'08 Contender on Iraq: 'Cut Off Funding'

ByABC News
February 3, 2007, 2:52 PM

Feb. 3, 2007 — -- Former Gov. Tom Vilsack, D-Iowa, sought to separate himself from his presidential rivals today by urging Congress to stop funding U.S. fighting in Iraq.

"Those in Congress who voted for the war, those in Congress who have voted to continue the war, and those in Congress who have funded the war, can surely vote to end the war," Vilsack told members of the Democratic National Committee during the second day of a presidential candidates' forum in Washington.

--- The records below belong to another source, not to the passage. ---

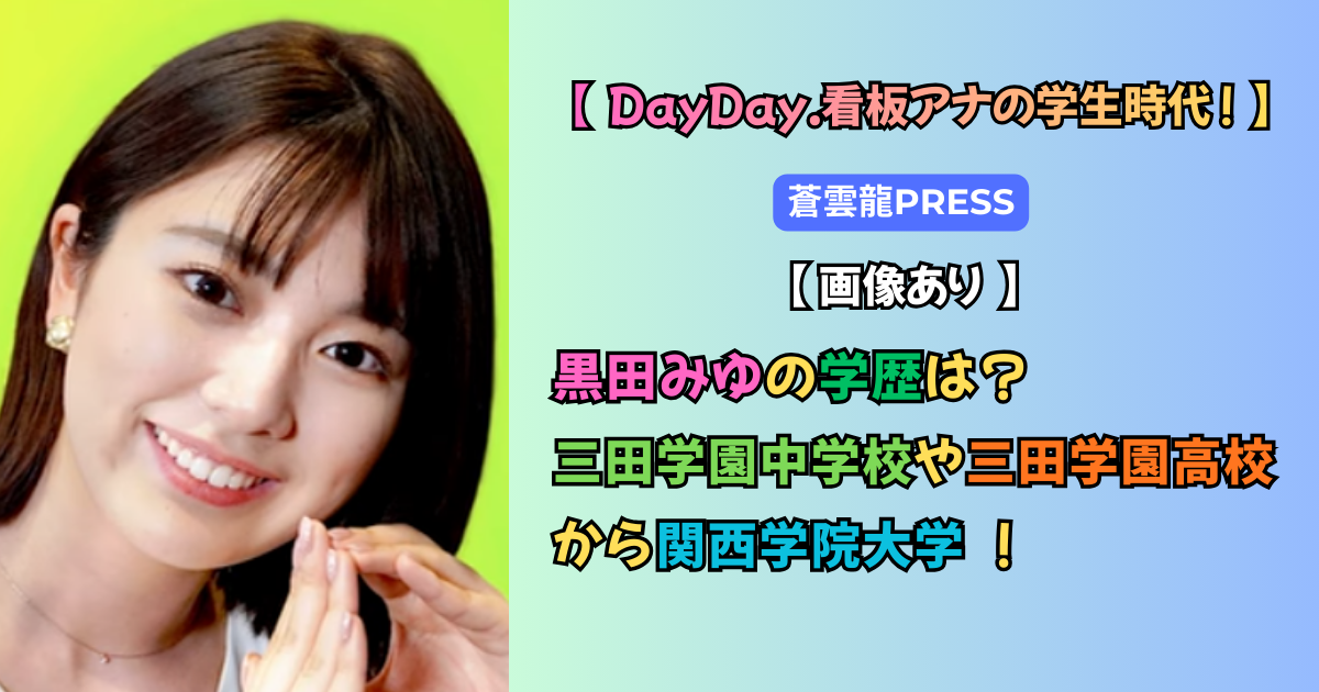 今回の記事では、黒田みゆさんの「学歴」にスポットを当て、地元の小学校から名門・三田学園、そして関西学院大学へと至る華麗なる軌跡を徹底解説します。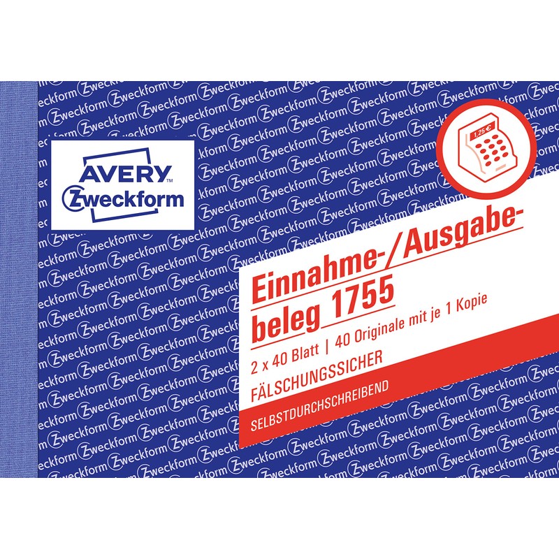 Avery Zweckform 1755 Einnahme/O Receipt A6 Landscape, Carbonless, 2 x 40 Sheets – White/Yellow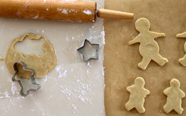 Roll out the dough on a clean surface that is thoroughly dusted in powdered sugar. Do not use flour. Cut into shapes and place on baking sheets covered in parchment paper. Freeze the sheets of unbaked cookies for about 7 minutes or until solid. Bake at 350ยบ for 8-11 minutes or until desired doneness is reached. Cool on wire rack.

Vilsack's comments made him the first major presidential candidate to urge Congress to use its spending power under the Constitution to bring U.S. fighting in Iraq to an end.Former Sen. John Edwards, D-N.C., the party's 2004 vice presidential nominee, has called on Congress to use its spending power to block President Bush from adding 21,500 additional U.S. troops to Iraq.

But Vilsack went one step further today, calling on Congress to use the power of the purse to completely end U.S. involvement in the Iraq war.

"Congress has the constitutional responsibility and a moral duty to cut off funding for the status quo," said Vilsack. "Not a cap -- an end. Not eventually -- immediately."

According to a Vilsack aide, the former governor still supports keeping a U.S. troop presence in the northern Kurdish part of the country in an effort to dissuade Iran from moving into any power vacuum created by the end of U.S. military engagement in central Iraq. Asked how many U.S. troops Vilsack would keep in the north, his aide said Vilsack would rely on the advice of U.S. military commanders.

The Kurdish area is, compared to other parts of the country, peaceful.

In podium remarks that he delivered without use of a teleprompter, Vilsack urged members of his approximately 500-person audience to look to their left and right. Vilsack said that the number of people that represents -- about 1,000 -- is the number of U.S. soldiers that he thinks will die in Iraq over the next year if Congress does not act to cut off funds.